What to do: Give again, word for word, only the lines of the material below from its first line through the one that holds "- Menor preço segundo o Google Shopping"; pictures stay out.

Data excerpts:
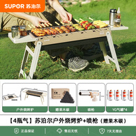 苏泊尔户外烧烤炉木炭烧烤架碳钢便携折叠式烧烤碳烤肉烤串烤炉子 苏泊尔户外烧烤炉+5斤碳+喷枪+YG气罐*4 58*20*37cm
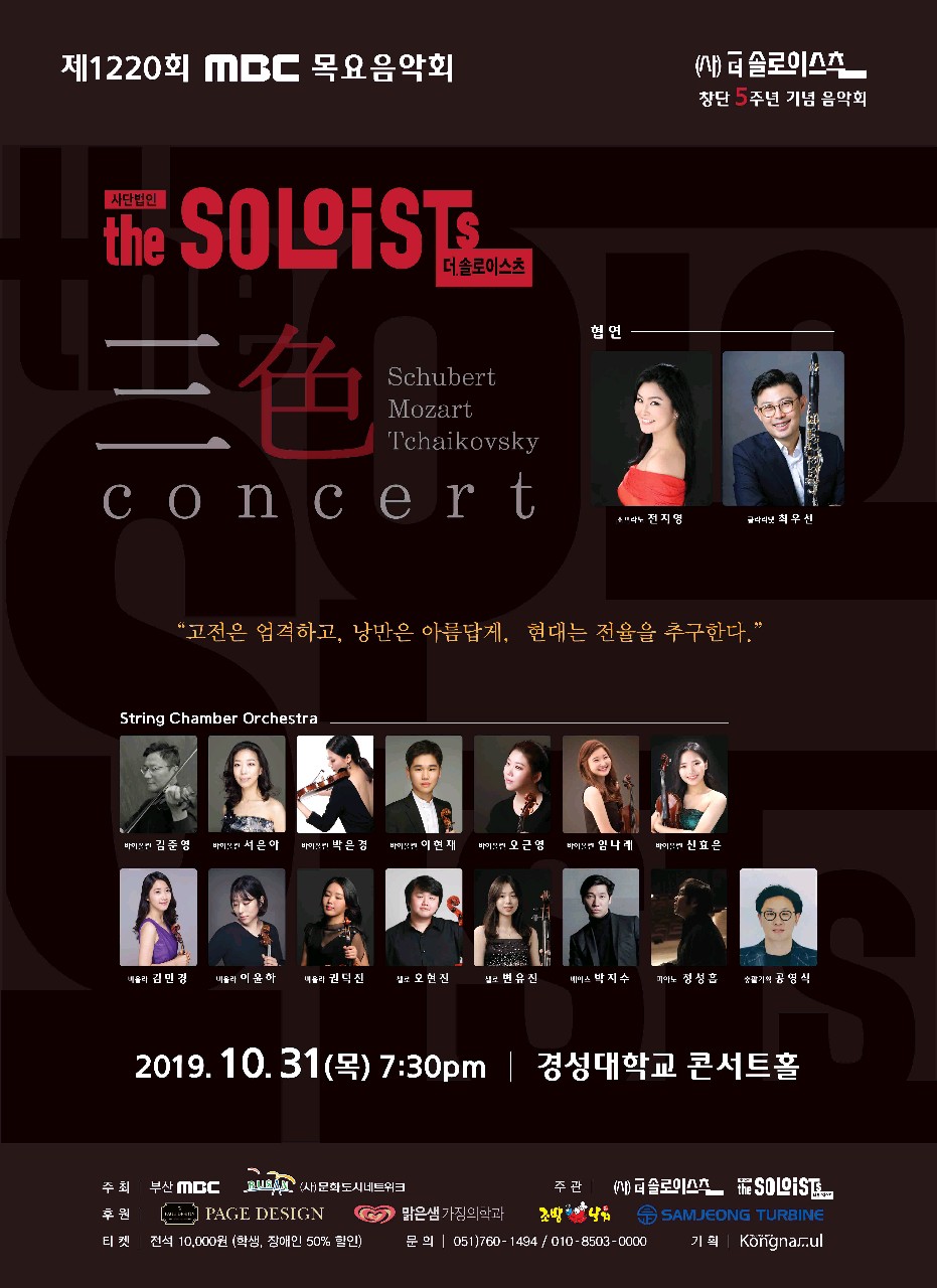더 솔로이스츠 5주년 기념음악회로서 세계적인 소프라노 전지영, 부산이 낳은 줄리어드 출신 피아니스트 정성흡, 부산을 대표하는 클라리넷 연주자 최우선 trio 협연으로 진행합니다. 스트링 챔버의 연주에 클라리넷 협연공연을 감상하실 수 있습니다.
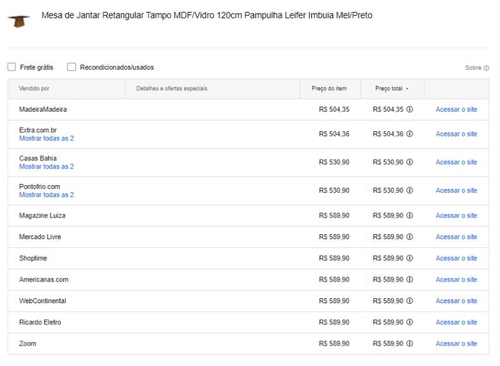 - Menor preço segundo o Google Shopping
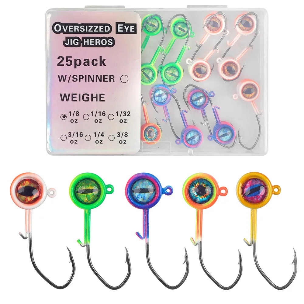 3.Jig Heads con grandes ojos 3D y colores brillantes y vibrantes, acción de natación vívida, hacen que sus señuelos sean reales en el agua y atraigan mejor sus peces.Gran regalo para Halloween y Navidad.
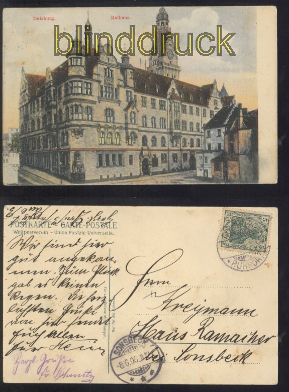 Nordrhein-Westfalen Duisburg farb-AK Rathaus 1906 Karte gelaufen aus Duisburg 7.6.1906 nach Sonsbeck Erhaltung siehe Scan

Reply to the exercise:
 苏泊尔户外烧烤炉木炭烧烤架碳钢便携折叠式烧烤碳烤肉烤串烤炉子 苏泊尔户外烧烤炉+5斤碳+喷枪+YG气罐*4 58*20*37cm
더 솔로이스츠 5주년 기념음악회로서 세계적인 소프라노 전지영, 부산이 낳은 줄리어드 출신 피아니스트 정성흡, 부산을 대표하는 클라리넷 연주자 최우선 trio 협연으로 진행합니다. 스트링 챔버의 연주에 클라리넷 협연공연을 감상하실 수 있습니다.
 - Menor preço segundo o Google Shopping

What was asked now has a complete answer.